> _BRIEF_
Copy task. Retype the whole listing exactly, omitting any picture in it.

> _EXCERPTED RECORDS_
**********
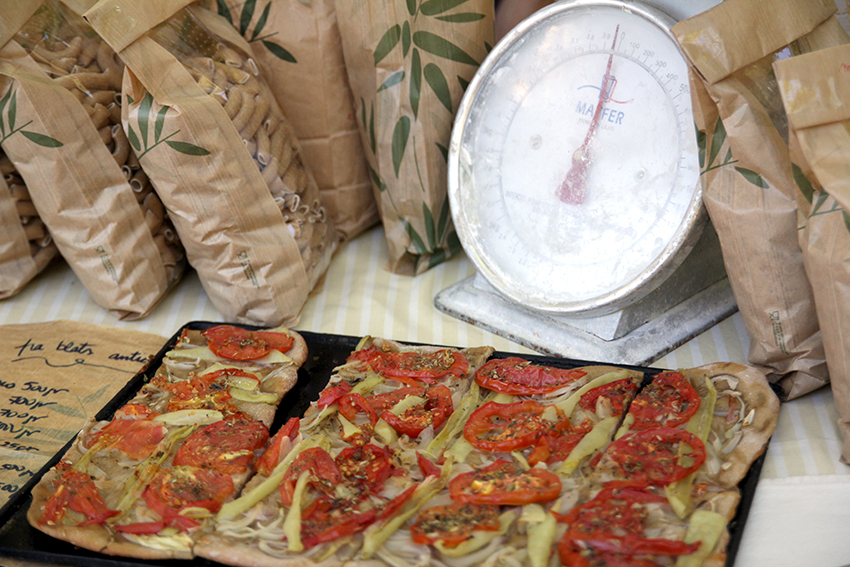 ...verdures fresques i de temporada, pa i pasta de blats antics, rosquilles, coca dolça, plantes medicinals, herbes per infusions, ungüents, olis essencials i tintures, hidrolats, balsam labial, espècies, xocolata negre, amb llet, sense sucre i amb stevia, blanca, trufes, bombons, la paella o fideuà i més.
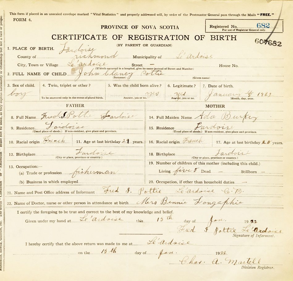 21. Name and Post Office address of Informant Fred J. Pottie L'Ardoise
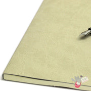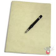 Paper: Ivory coloured premium recycled paper, Acid free, Neutral pH, FSC Certified, Chlorine free, fountain pen friendly. 85 gs/m
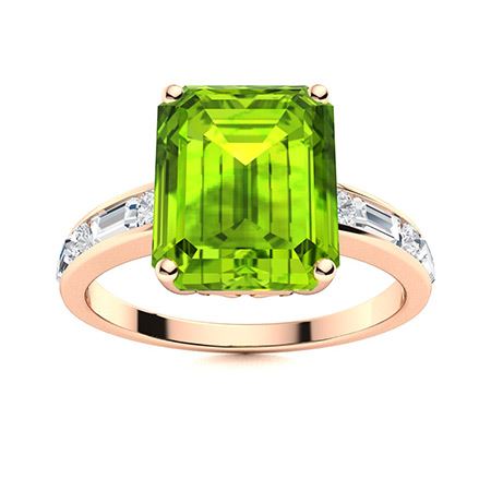 Natural 10.72 CTW Peridot & Diamond Engagement Ring 14K Rose Gold
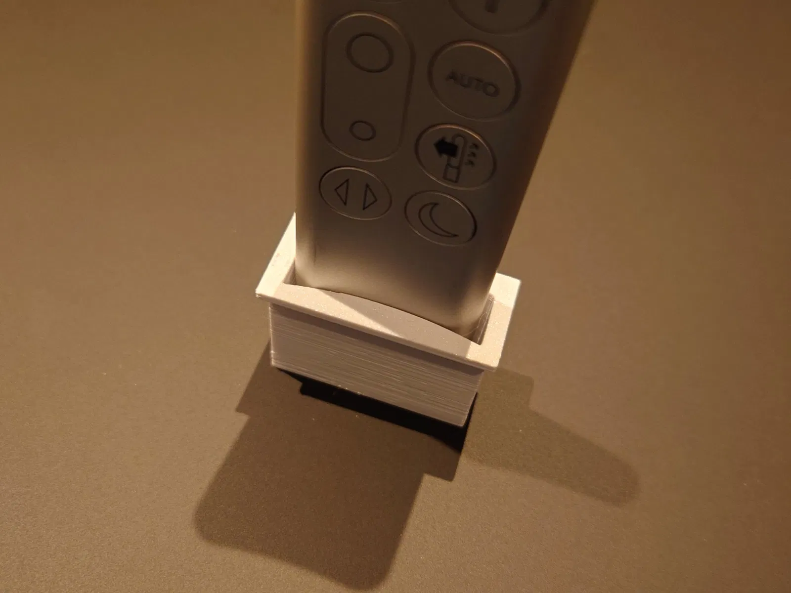 Bạn có thể để cái remote quạt Dyson vô cái rãnh đó, mà nó không có đứng thẳng lên được nên xài hơi khó khi để ở đó. Cái "sabot" này sẽ giúp cái remote đứng thẳng lên, để bạn bấm nút mà không cần di chuyển nó.
**********
> _EXPECTED OUTPUT_
 ...verdures fresques i de temporada, pa i pasta de blats antics, rosquilles, coca dolça, plantes medicinals, herbes per infusions, ungüents, olis essencials i tintures, hidrolats, balsam labial, espècies, xocolata negre, amb llet, sense sucre i amb stevia, blanca, trufes, bombons, la paella o fideuà i més.
 21. Name and Post Office address of Informant Fred J. Pottie L'Ardoise
 Paper: Ivory coloured premium recycled paper, Acid free, Neutral pH, FSC Certified, Chlorine free, fountain pen friendly. 85 gs/m
 Natural 10.72 CTW Peridot & Diamond Engagement Ring 14K Rose Gold
 Bạn có thể để cái remote quạt Dyson vô cái rãnh đó, mà nó không có đứng thẳng lên được nên xài hơi khó khi để ở đó. Cái "sabot" này sẽ giúp cái remote đứng thẳng lên, để bạn bấm nút mà không cần di chuyển nó.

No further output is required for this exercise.